Even before social media was big, people have tried to come up with a technical solution to this problem. Banning, shadowbanning, muting, blocking, throttling, etc. have all been tried.

But none of it has worked, or even helped much. If anything, social media interaction has gotten worse, not better. These solutions are predicated on the notion that social media is just a neutral platform, and if we enforce the right rules, we can maintain that neutrality. But that’s a false notion. Again, social media can’t be neutral because people are not neutral.

The only way for social media to work is for people to properly police their own behavior. This is exactly what happens in real life social situations. Nobody dares to walk into a noisy restaurant and launch into a profanity-laced tirade against a perfect stranger. But much of the time, that inhibition is driven by self-preservation rather than a moral imperative. Remove the risk of getting physically assaulted, and many won’t hesitate to say the vilest, ugliest stuff. That’s what social media does.

Bad Behavior is Contagious

Is social media bad? Not inherently. But it’s not inherently good either. People choose to behave in morally good or bad ways. When immoral speech spills over into social media, it spreads like a cancer. We love to think of ourselves as being in control of our own thoughts and choosing our own influences. But that’s just not true. Bad company corrupts good morals, as the Apostle Paul said, and being exposed to trash on social media day after day does affect you, even if you don’t consciously realize it.

How often have you gotten viscerally angry at something you read on Twitter or Facebook? Sure, you can get mad reading something on any website or even in a book. But those occurrences are few and far between. On social, they’re the norm. When you saw something that made you really mad, how long did you stew about it? Did your mood affect your interactions with other people?

This domino effect isn’t unique to social, of course, but it is amplified. Our use of social media is 180 degrees out of phase. For our own sanity, it should comprise seconds, maybe minutes of our day. Our one-on-one and in-person interactions should be the bulk. That tweet that made you burning mad should be a once-a-week event. Most of your disagreements with another person should be hashed out one-on-one, privately, not in a public forum with spectators.

Is Social Media Worth It?

Should you stop using social media? I think that’s the wrong question. A better question is why should you use it? What value does it hold for you? And is it worth the price you pay in terms of time, sanity, and relationships with others?

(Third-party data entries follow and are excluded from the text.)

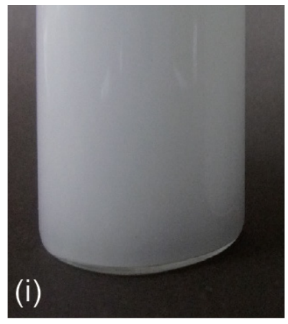
GT 930, 0.8% active with 5% Titanium dioxide. Three month stability.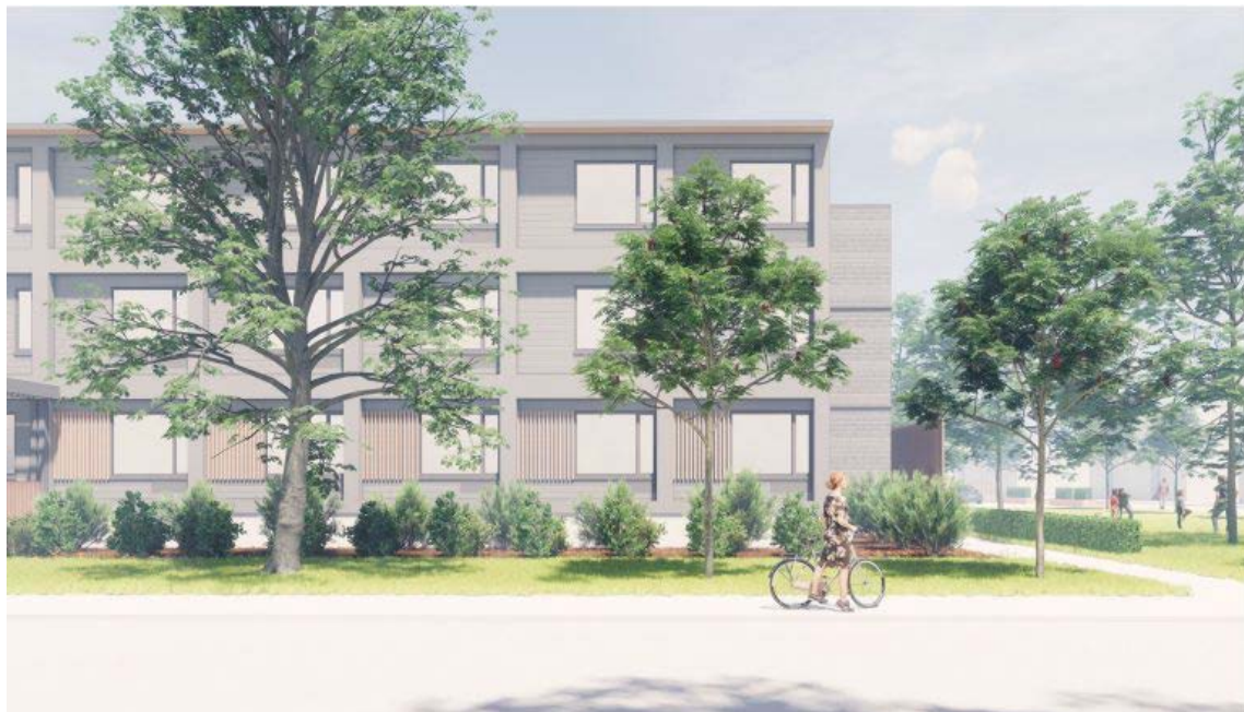
Preliminary artist's rendering, subject to final approval – Dovercourt frontage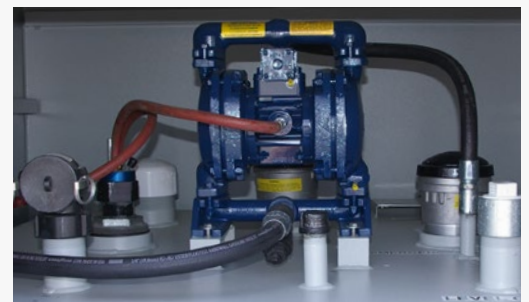
The SafeWaste mechanical components are enclosed in an easily accessible compartment.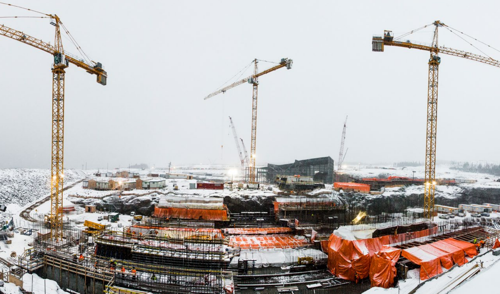
Construction of the Muskrat Falls hydroelectric generating facility in Labrador. Now in the third year of construction, the project is generating significant employment and business benefits for Newfoundland and Labrador.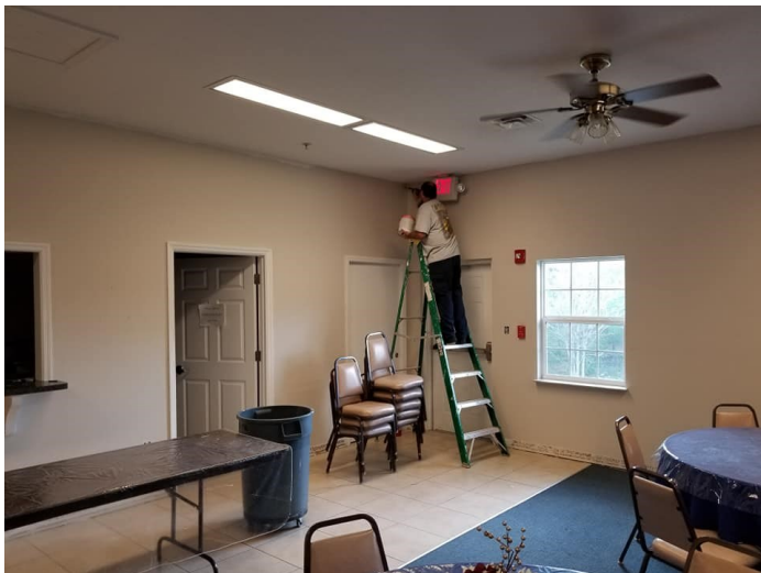
Fixing up the Lodge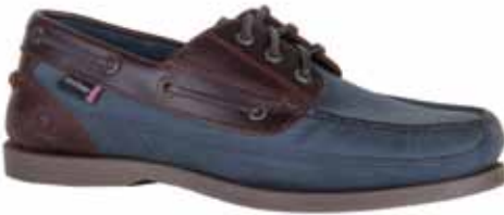
Navy / Dark Seahorse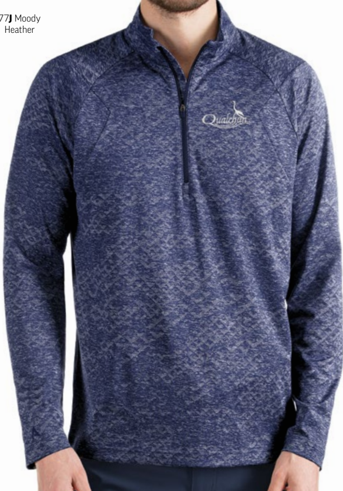
77J Moody Heather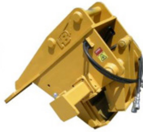
PLATYPUS - CLIP PUSHER

It’s not unusual to see someone take a break from social, usually for a week or two, but sometimes a month or more. This is common and doesn’t usually raise any eyebrows. But if you heard someone say, “I’m taking a break from all social interaction for a month!” you’d immediately think something was amiss. This is evidence that instinctively, we know something is off about social. You only take long breaks from something when you detect that it’s not healthy to continue at your current pace.

As ironic as it seems, cutting back on social media would probably make everyone more social.